Exercise requirements:
Leave the pictures out. Return all other data exactly.

═══ Data excerpt

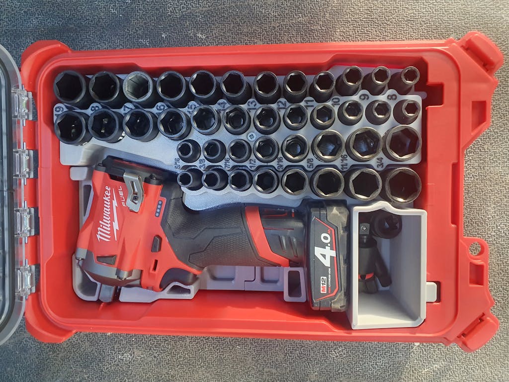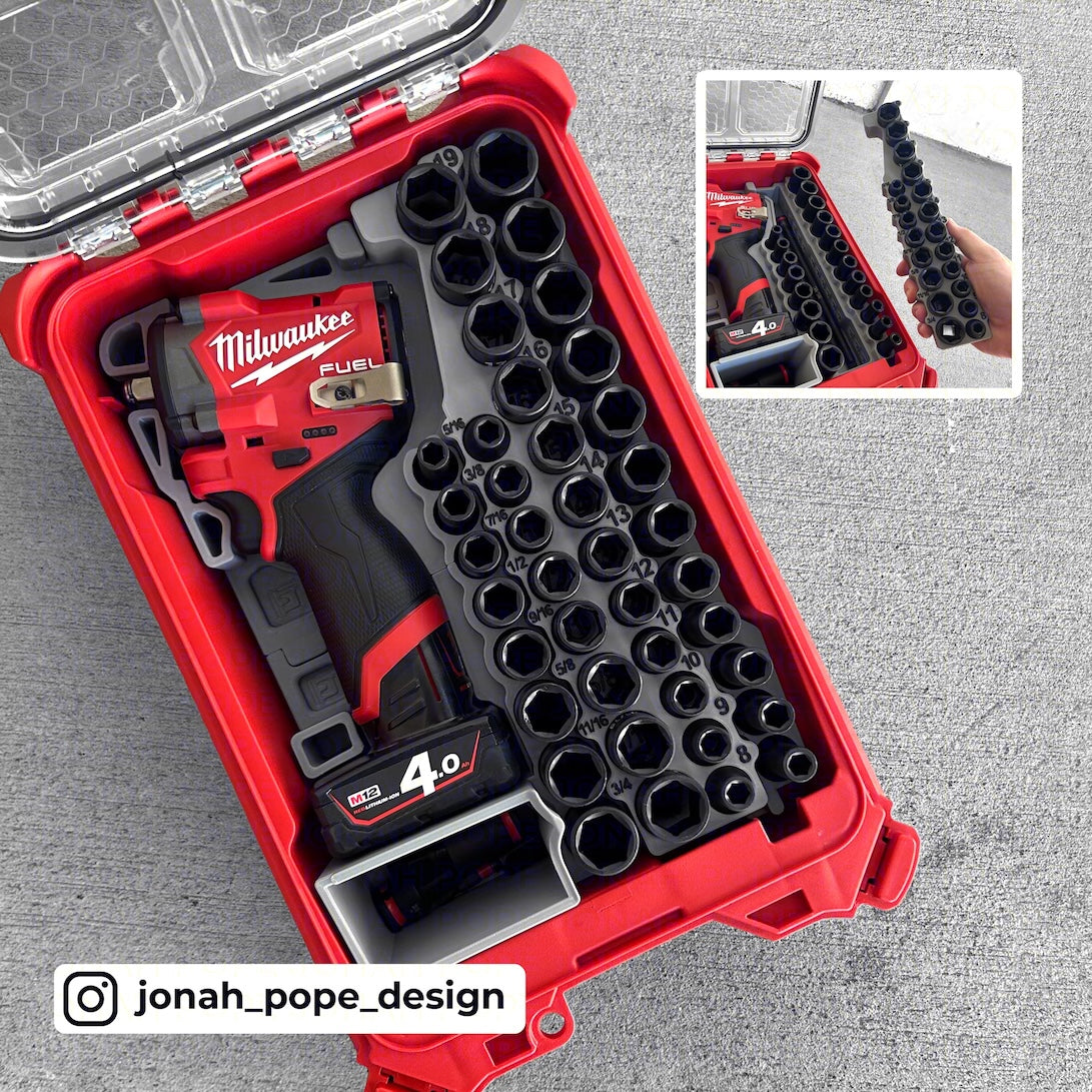 Custom insert designed to fit your Milwaukee PACKOUT to store your M12 Stubby Impact (3/8) plus the FULL 43 Piece Milwaukee Shockwave Impact Socket Set.
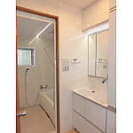 ウォールユニットの傷みが気になるところでしたが、洗面化粧台のウツクシーズ750㎜に入れ替えをしてすっきり綺麗な洗面台に大変身。天井には凹凸感をなくすため、ダウンライトを埋め込みました。タイルだった壁もクロスに貼り替え、イメージが一新しました。
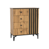 Выдвижные ящики отлично подходят для белья, аксессуаров и разных мелочей. За реечным фасадом спрятано отделение с полками, которые разместят более объемные предметы обихода.

══════

Task solution:
 Custom insert designed to fit your Milwaukee PACKOUT to store your M12 Stubby Impact (3/8) plus the FULL 43 Piece Milwaukee Shockwave Impact Socket Set.
 ウォールユニットの傷みが気になるところでしたが、洗面化粧台のウツクシーズ750㎜に入れ替えをしてすっきり綺麗な洗面台に大変身。天井には凹凸感をなくすため、ダウンライトを埋め込みました。タイルだった壁もクロスに貼り替え、イメージが一新しました。
 Выдвижные ящики отлично подходят для белья, аксессуаров и разных мелочей. За реечным фасадом спрятано отделение с полками, которые разместят более объемные предметы обихода.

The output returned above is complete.